Problem description >> Copy the data below exactly, but not the pictures it contains.

Exercise input >>
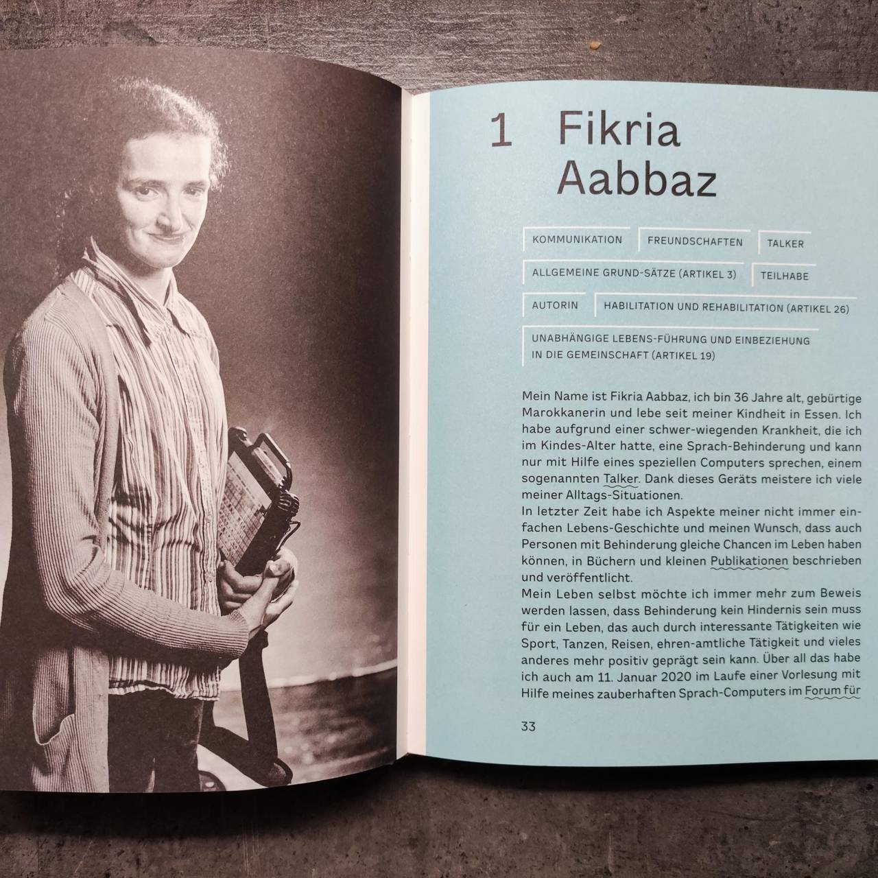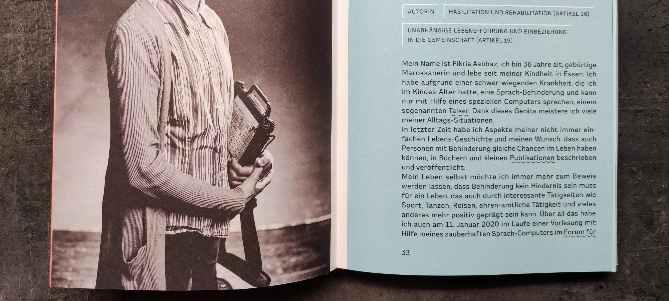 Eine der Protagonistinnen aus dem Buch "Bin auch 'n Mensch" ist Fikria Aabbaz. Sie hat seit einer Erkrankung in der Kindheit eine Sprachbehinderung und kann nur mit Hilfe eines Sprachcomputers sprechen. Im Himmel und Essen-Interview erzählt sie, warum sie bei dem Projekt mitgemacht hat, was sie sich davon erhofft und wo sie gerne arbeiten würde, wenn sie dürfte (Im Kindergarten oder in der Schule, am liebsten etwas mit Kindern).
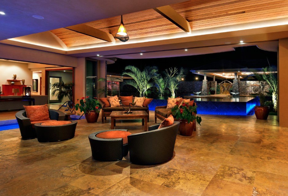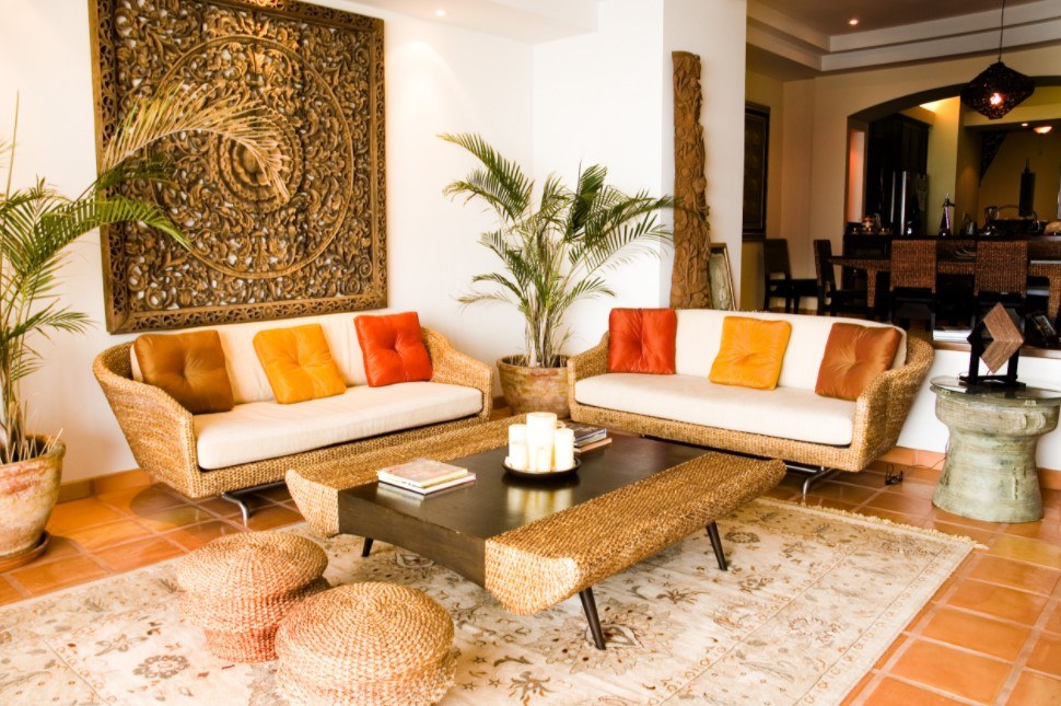 В этнических дизайнах яркий апельсиновый — частый гость. Это свойственно и набирающему в последнее время обороты средиземноморскому стилю, и все еще редким у нас африканским интерьерам.
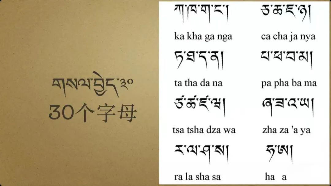 藏文有30个基本字母,藏文写法通常由基字、下加字、前加字、元音符号、后加字、再后加字构成。
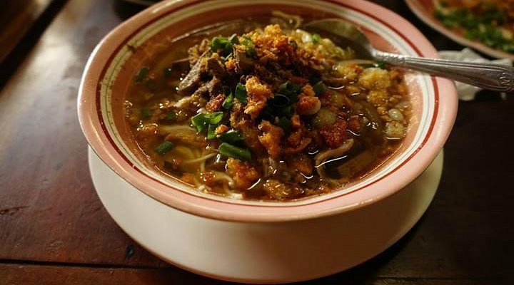 用牛头肉、骨髓与筋膜慢火熬出的汤底,浓稠得几乎能拉丝,胶质丰厚、香气厚重。粗面条在汤中浸润,吸满那股黏唇的浓香。每家摊贩都有一勺独门的“棕色酱汁”——带点蒜香、酱香,还有说不出的深味,是整碗面的灵魂。
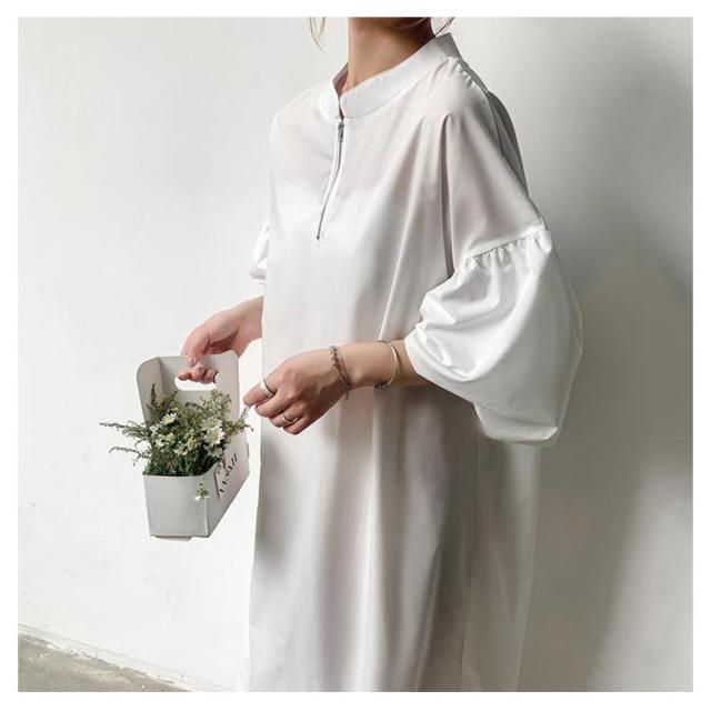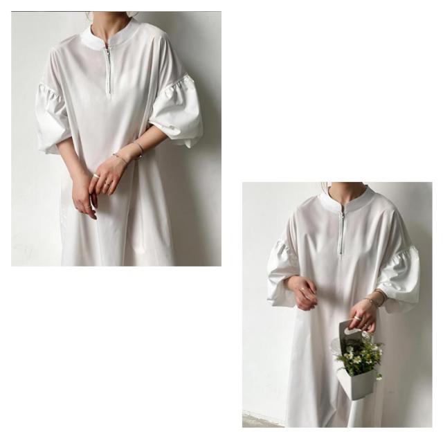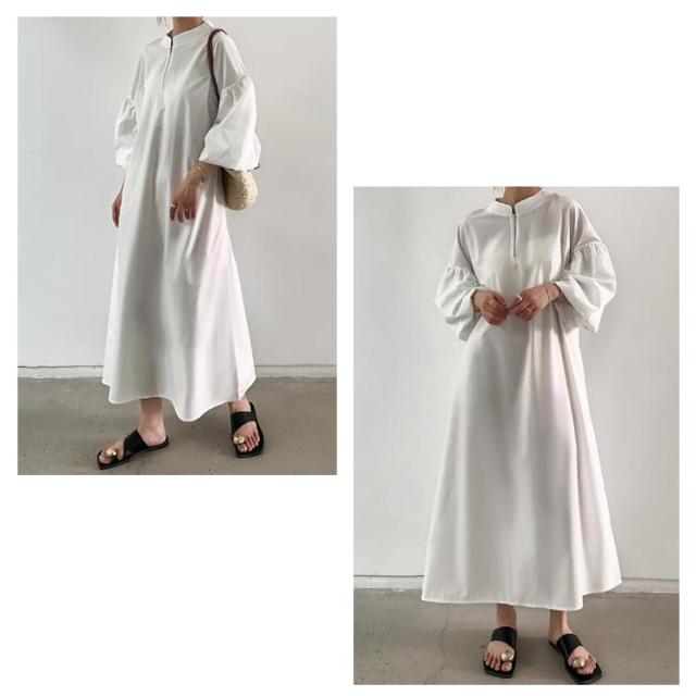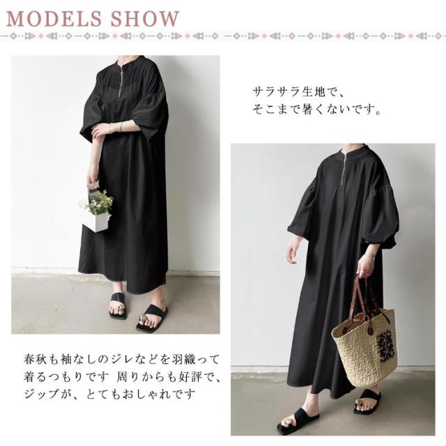 ワンピース ハーフジップワンピース ロングワンピース ボリューム袖 ハーフジップ ロング丈 オーバーサイズ レディース 2023秋冬 送料無料
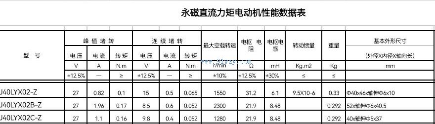 J40LYX02-Z型永磁式直流力矩電機
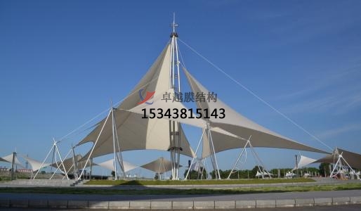 一個(gè)城市的中心區(qū)反映一個(gè)城市的地理風(fēng)貌和民族風(fēng)情,一起,也是一個(gè)城市文化開展程度的標(biāo)志。而景象規(guī)劃要求其具有廣泛的可讀性、老少皆宜,既有超凡脫俗的藝術(shù)價(jià)值,又能使群眾喜聞樂見與群眾息息相通。張拉膜以其輕盈飄逸的造型、柔美并帶有力氣的曲線和大跨度和大空間的鮮明個(gè)性和標(biāo)識(shí)性,應(yīng)用于城市小品規(guī)劃中。
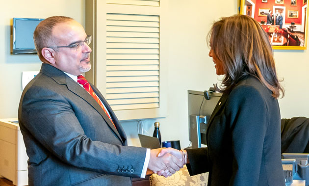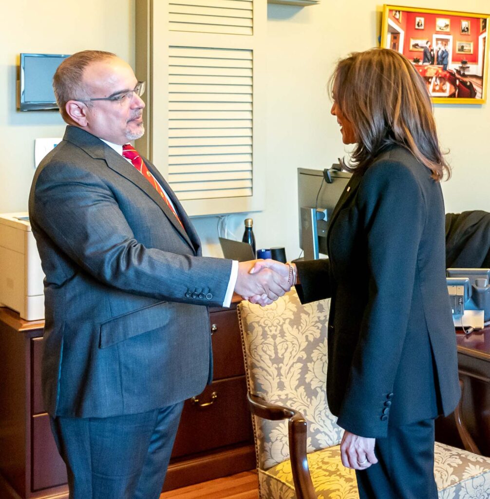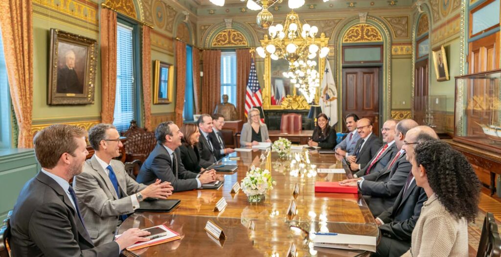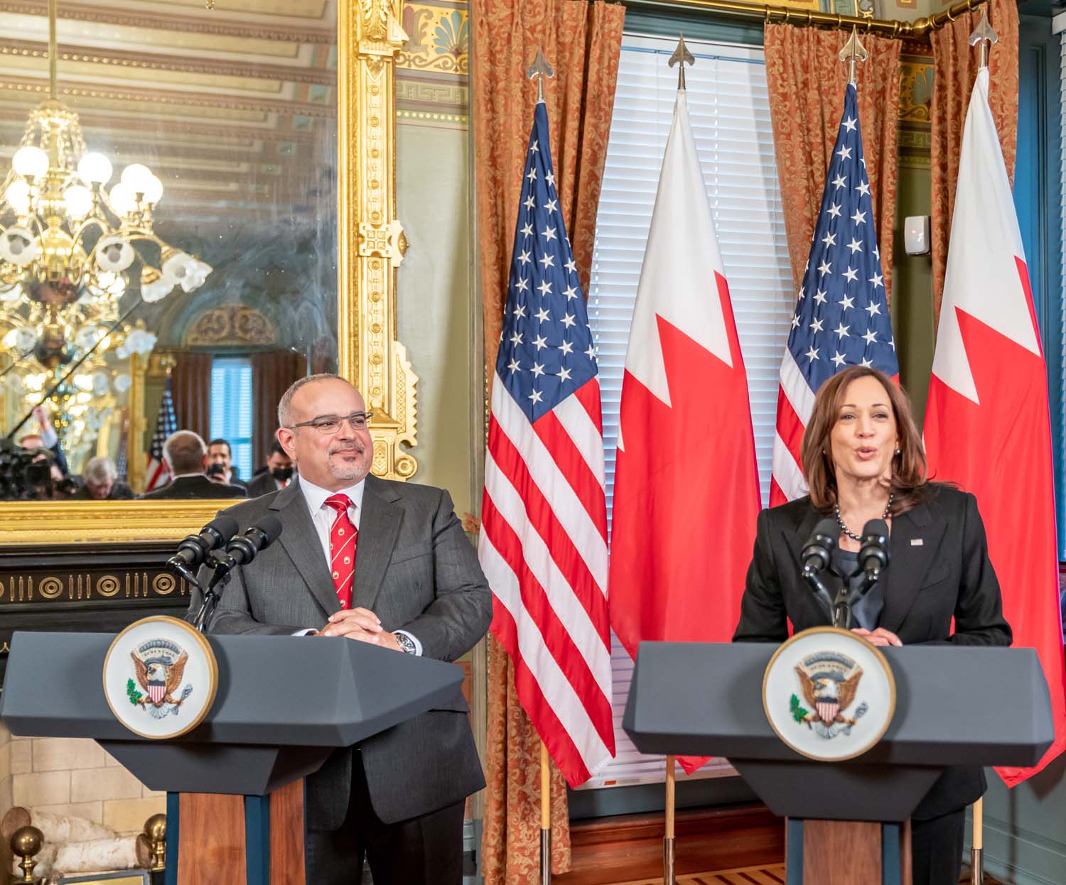 من جانبها، أعربت معالي السيدة كامالا هاريس نائبة رئيس الولايات المتحدة الأمريكية عن سعادتها بلقاء صاحب السمو الملكي الأمير سلمان بن حمد آل خليفة ولي العهد رئيس مجلس الوزراء حفظه الله، مضيفةً أن العلاقات الثنائية بين الولايات المتحدة الأمريكية ومملكة البحرين كانت ومازالت علاقات وثيقة وهامة، وأن الولايات المتحدة تثمن هذه العلاقة وأن مملكة البحرين شريك أمني ومقر للأسطول الخامس وقيادة القوات البحرية المشتركة، وهي كذلك حليف وشريك استراتيجي رئيسي خارج حلف الناتو، لافتةً أن الولايات المتحدة تقدر قوة هذه العلاقة؛ كما ثمنت نائبة الرئيس الأمريكي ما قدمته مملكة البحرين من دعمٍ استراتيجي العام الماضي في جهود الإغاثة وعمليات الإجلاء من أفغانستان.

Result for this task >>
 Eine der Protagonistinnen aus dem Buch "Bin auch 'n Mensch" ist Fikria Aabbaz. Sie hat seit einer Erkrankung in der Kindheit eine Sprachbehinderung und kann nur mit Hilfe eines Sprachcomputers sprechen. Im Himmel und Essen-Interview erzählt sie, warum sie bei dem Projekt mitgemacht hat, was sie sich davon erhofft und wo sie gerne arbeiten würde, wenn sie dürfte (Im Kindergarten oder in der Schule, am liebsten etwas mit Kindern).
 В этнических дизайнах яркий апельсиновый — частый гость. Это свойственно и набирающему в последнее время обороты средиземноморскому стилю, и все еще редким у нас африканским интерьерам.
 藏文有30个基本字母,藏文写法通常由基字、下加字、前加字、元音符号、后加字、再后加字构成。
 用牛头肉、骨髓与筋膜慢火熬出的汤底,浓稠得几乎能拉丝,胶质丰厚、香气厚重。粗面条在汤中浸润,吸满那股黏唇的浓香。每家摊贩都有一勺独门的“棕色酱汁”——带点蒜香、酱香,还有说不出的深味,是整碗面的灵魂。
 ワンピース ハーフジップワンピース ロングワンピース ボリューム袖 ハーフジップ ロング丈 オーバーサイズ レディース 2023秋冬 送料無料
 J40LYX02-Z型永磁式直流力矩電機
 一個(gè)城市的中心區(qū)反映一個(gè)城市的地理風(fēng)貌和民族風(fēng)情,一起,也是一個(gè)城市文化開展程度的標(biāo)志。而景象規(guī)劃要求其具有廣泛的可讀性、老少皆宜,既有超凡脫俗的藝術(shù)價(jià)值,又能使群眾喜聞樂見與群眾息息相通。張拉膜以其輕盈飄逸的造型、柔美并帶有力氣的曲線和大跨度和大空間的鮮明個(gè)性和標(biāo)識(shí)性,應(yīng)用于城市小品規(guī)劃中。
 من جانبها، أعربت معالي السيدة كامالا هاريس نائبة رئيس الولايات المتحدة الأمريكية عن سعادتها بلقاء صاحب السمو الملكي الأمير سلمان بن حمد آل خليفة ولي العهد رئيس مجلس الوزراء حفظه الله، مضيفةً أن العلاقات الثنائية بين الولايات المتحدة الأمريكية ومملكة البحرين كانت ومازالت علاقات وثيقة وهامة، وأن الولايات المتحدة تثمن هذه العلاقة وأن مملكة البحرين شريك أمني ومقر للأسطول الخامس وقيادة القوات البحرية المشتركة، وهي كذلك حليف وشريك استراتيجي رئيسي خارج حلف الناتو، لافتةً أن الولايات المتحدة تقدر قوة هذه العلاقة؛ كما ثمنت نائبة الرئيس الأمريكي ما قدمته مملكة البحرين من دعمٍ استراتيجي العام الماضي في جهود الإغاثة وعمليات الإجلاء من أفغانستان.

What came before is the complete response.